__PROBLEM DESCRIPTION__. Transcribe exactly, and only, the lines running from the one that contains "Photograph of John" through the last line of the material. No pictures.

__SOURCE MATERIAL__.

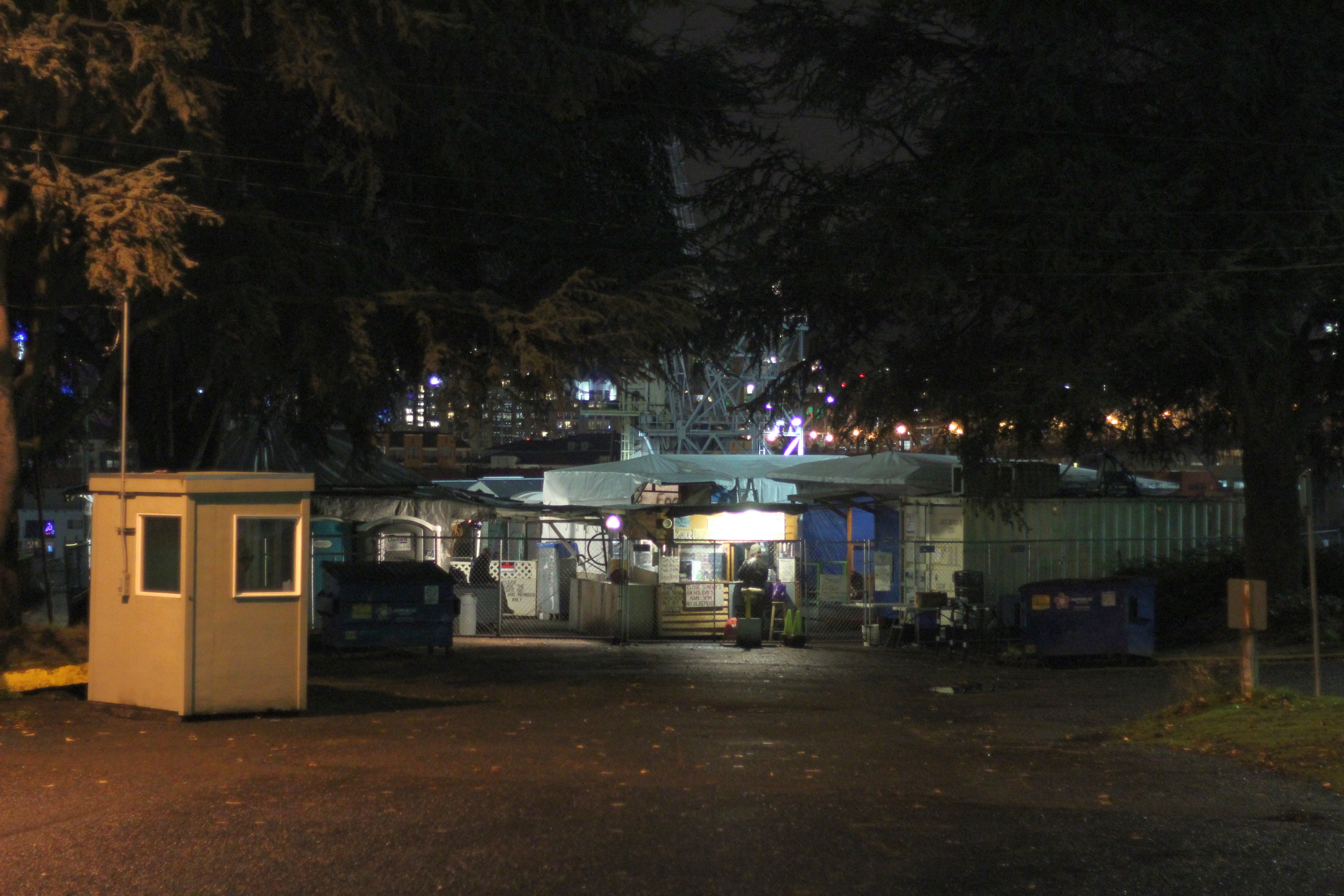 Right 2 Dream Too transient encampment colony in Portland, Oregon in December, 2019.
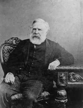 Photograph of John Hart, Premier of South Australia.
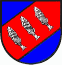 Coat of Arms of Wittorf
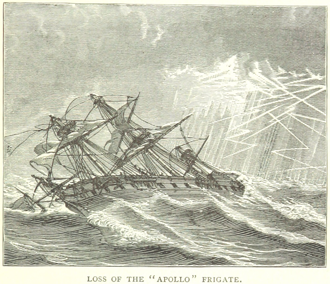 The frigate HMS Apollo sinks on 2 April 1804.

__SOLVED PROBLEM__.
 Photograph of John Hart, Premier of South Australia.
 Coat of Arms of Wittorf
 The frigate HMS Apollo sinks on 2 April 1804.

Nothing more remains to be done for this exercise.